** Opening MATERIAL FOR THIS TASK block **

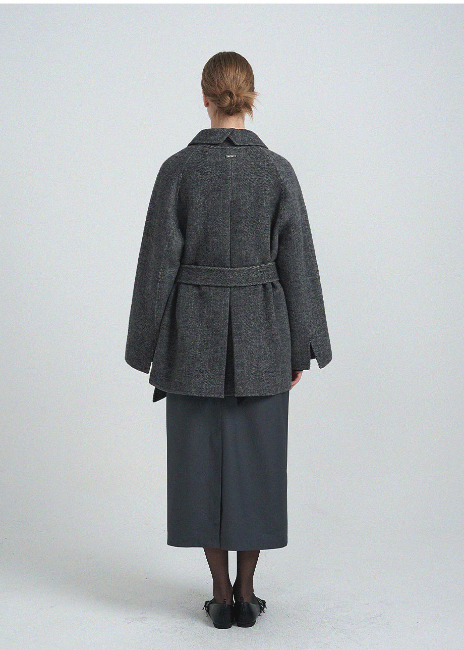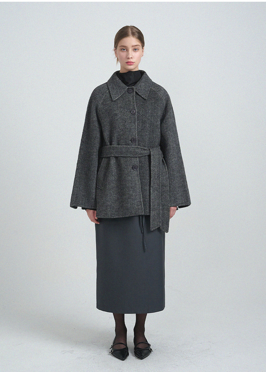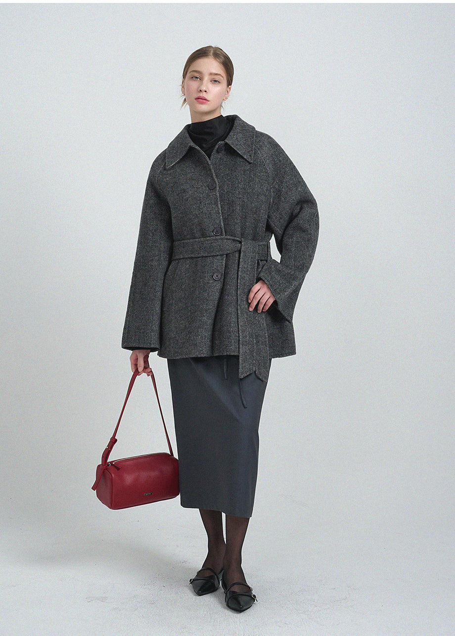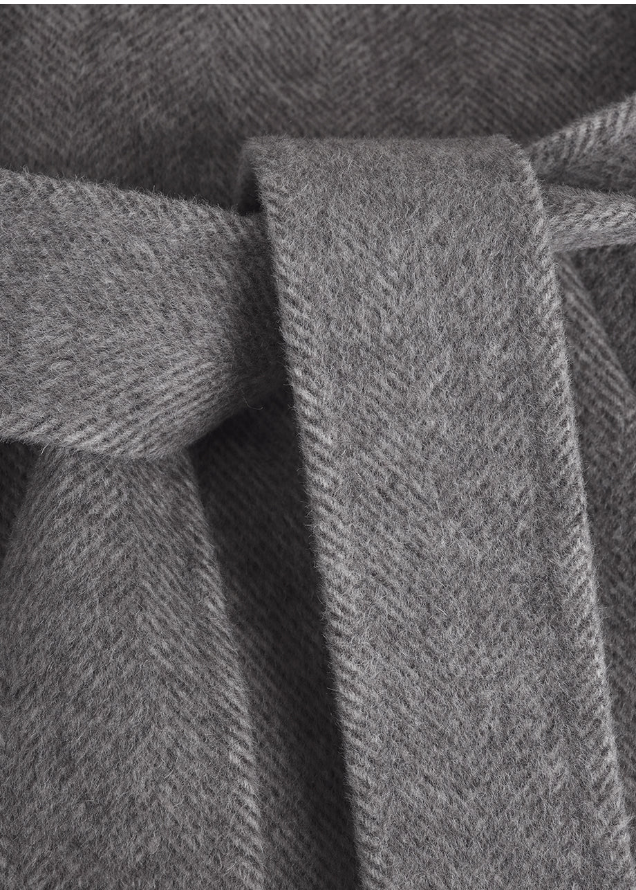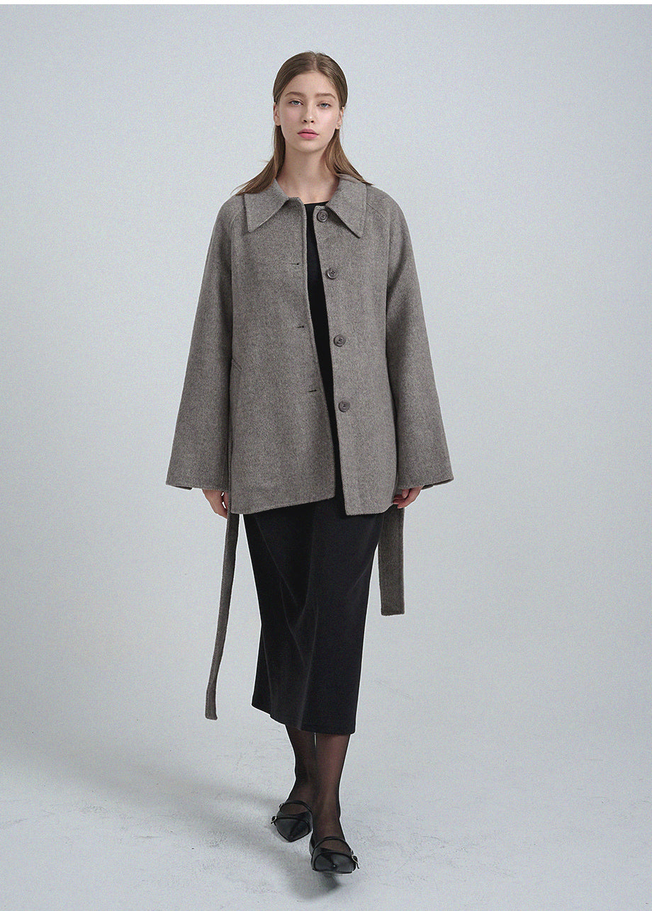 クラシックなムードが漂うハンドメイドコート。高品質な天然ウール100%のヘリンボーン生地を使用し、優れた保温性とラグジュアリーな着心地を実現しました。ハーフ丈のオーバーフィットで、リラックス感のある着こなしが楽しめます。同素材のベルトが付属しており、スタイリングの幅を広げてくれます。背中の襟中央にはミケネオリジナルの切替とスリットが施され、シンプルながらも洗練された印象に。袖口のスリットディテールと、背中心のプリーツにより、裾に向かって広がる美しいシルエットを演出します。後ろ襟の中央にはペンダントディテールをあしらい、ディテールまでこだわった上質な仕上がりに仕上げました。*装飾が施された製品のため、クリーニング専門店でのお手入れをおすすめいたします。
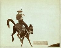 Bucking Bronco. Ned Coy, een beroemde Dakota cowboy, begint met het verzamelen van het vee met zijn huisdier Jongen Dick ., John CH Grabill, 19e eeuwse Amerikaanse fotograaf
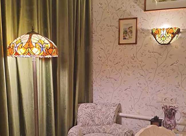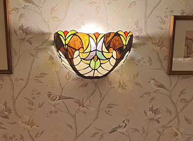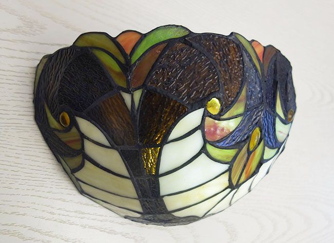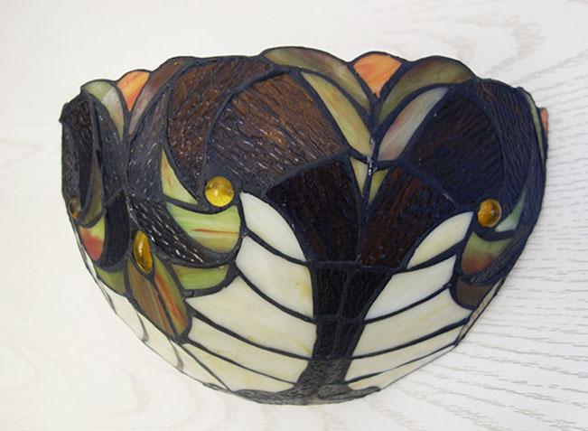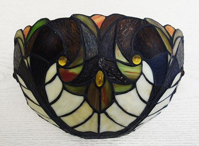 Светильник Тиффани бра. Витражное цветное стекло. Оригинальный рисунок плафона подойдет для классического интерьера загородного дома, гостиной, спальни, коридора, прихожей. Оригинальный дизайн и форма. Бра Тиффани – это изящество и роскошь, мягкий свет и уют.
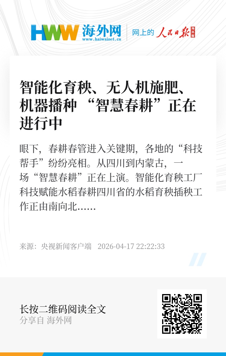 眼下,春耕春管进入关键期,各地的“科技帮手”纷纷亮相。从四川到内蒙古,一场“智慧春耕”正在上演。
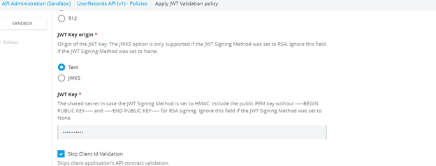 To apply JWT Policy on an API using Text option (i.e. without JWKS) through API Manager. This implies that JWT token is not to be generated by third party. By applying this policy, only authorized clients with valid JWT token can access the API.
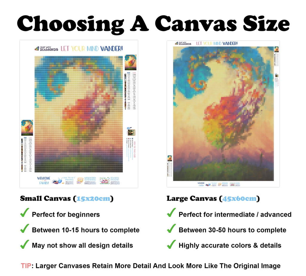 PREMIUMĀ DIAMOND PAINTING KIT:Ā OfficialĀ Diamond Art kit includes 1x stay-flat adhesive canvas, 1x set of shimmering eco-friendly resin diamonds, and 1x premium toolkit. Diamonds cover the whole canvas.
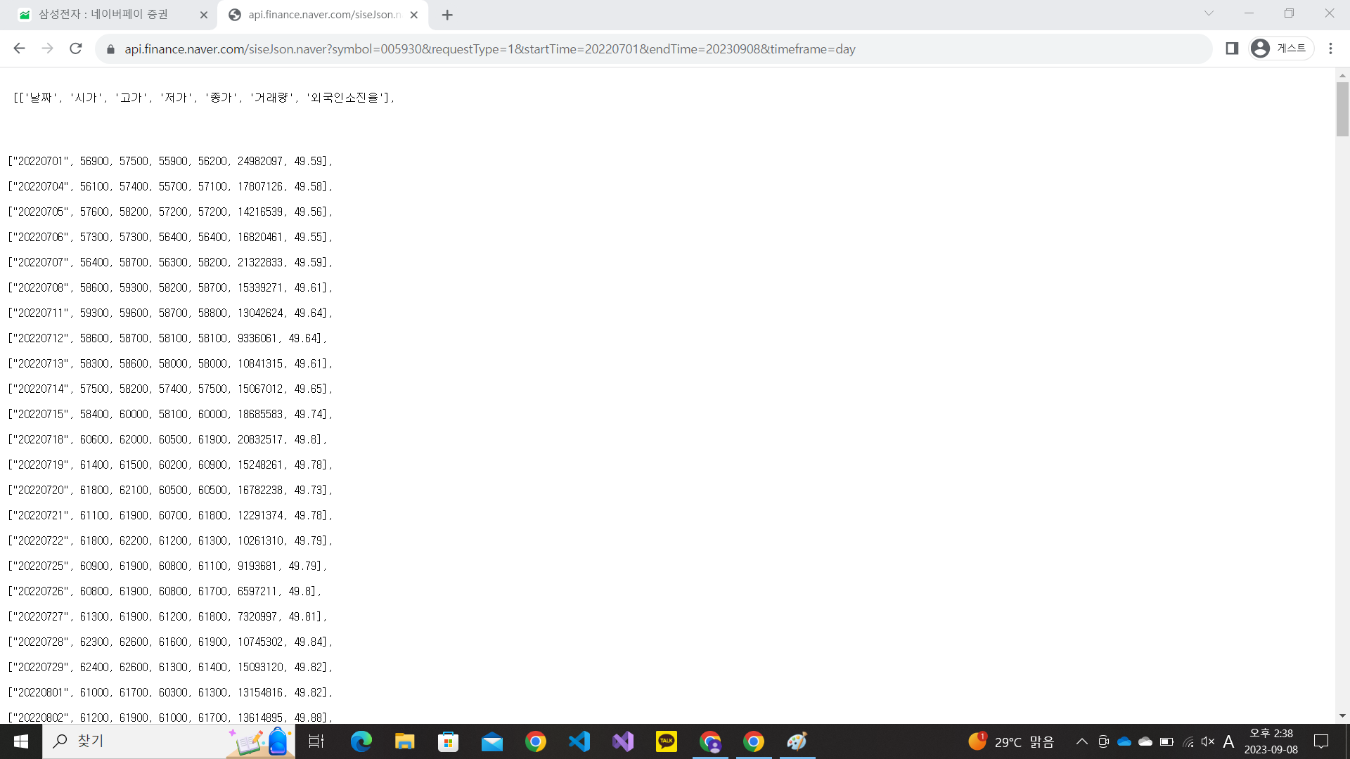 [네이버 증권] -> [삼성전자 검색] -> [차트]에 들어가신 후, 개발자 도구 화면에서 네트워크를 키십니다. (링크)
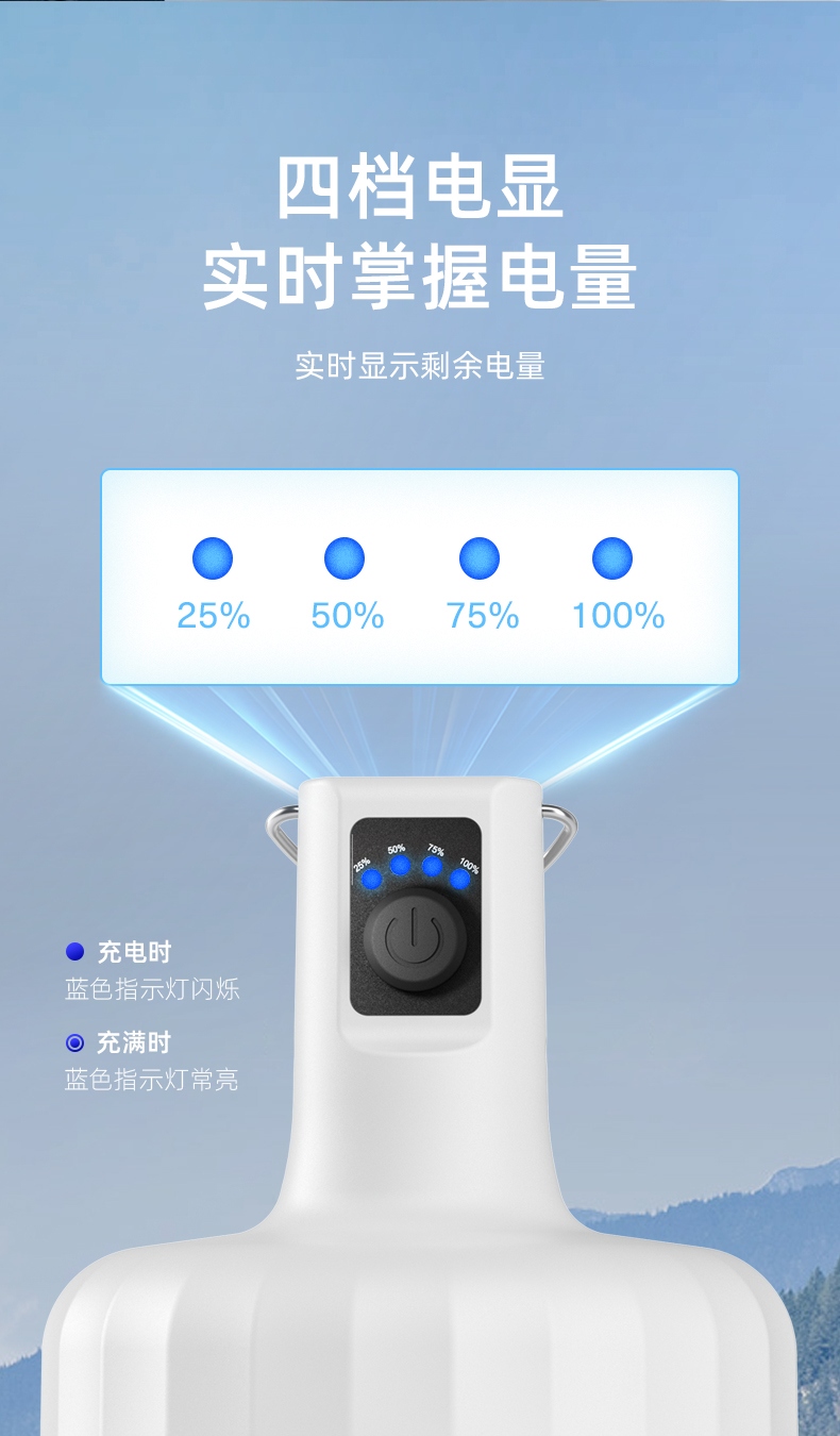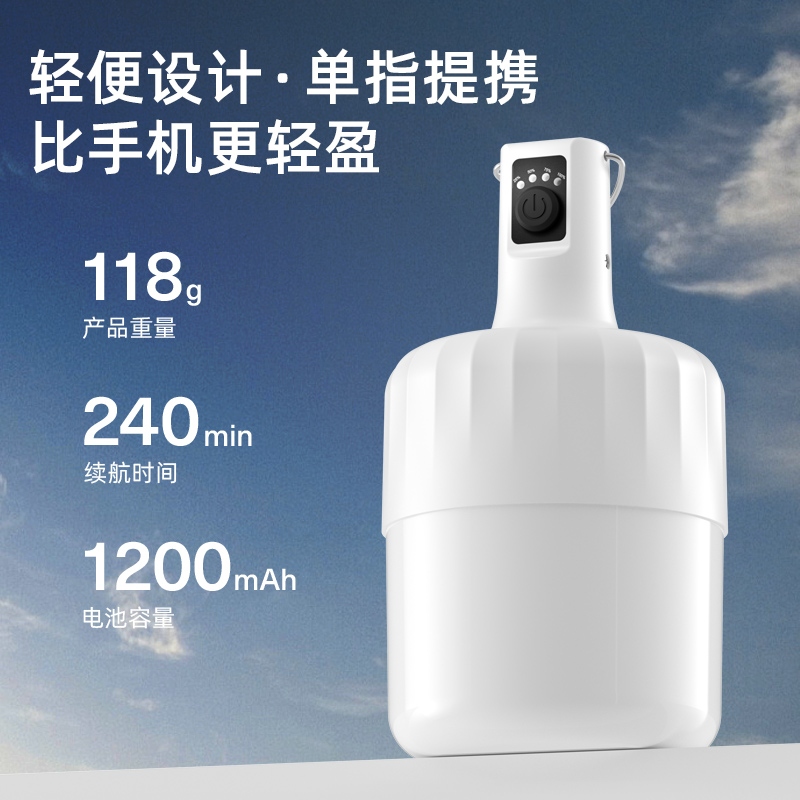 2.多样化充电,使用方便:可使用充电器、充电宝、电脑等设备为灯具充电。充电时可边充电边使用照明功能

** Closing MATERIAL FOR THIS TASK block **

From the line containing "Светильник Тиффани бра." down to the final line of the material, restate every line word for word, and only those; drop the pictures.

▶ WRITTEN ANSWER:
 Светильник Тиффани бра. Витражное цветное стекло. Оригинальный рисунок плафона подойдет для классического интерьера загородного дома, гостиной, спальни, коридора, прихожей. Оригинальный дизайн и форма. Бра Тиффани – это изящество и роскошь, мягкий свет и уют.
 眼下,春耕春管进入关键期,各地的“科技帮手”纷纷亮相。从四川到内蒙古,一场“智慧春耕”正在上演。
 To apply JWT Policy on an API using Text option (i.e. without JWKS) through API Manager. This implies that JWT token is not to be generated by third party. By applying this policy, only authorized clients with valid JWT token can access the API.
 PREMIUMĀ DIAMOND PAINTING KIT:Ā OfficialĀ Diamond Art kit includes 1x stay-flat adhesive canvas, 1x set of shimmering eco-friendly resin diamonds, and 1x premium toolkit. Diamonds cover the whole canvas.
 [네이버 증권] -> [삼성전자 검색] -> [차트]에 들어가신 후, 개발자 도구 화면에서 네트워크를 키십니다. (링크)
 2.多样化充电,使用方便:可使用充电器、充电宝、电脑等设备为灯具充电。充电时可边充电边使用照明功能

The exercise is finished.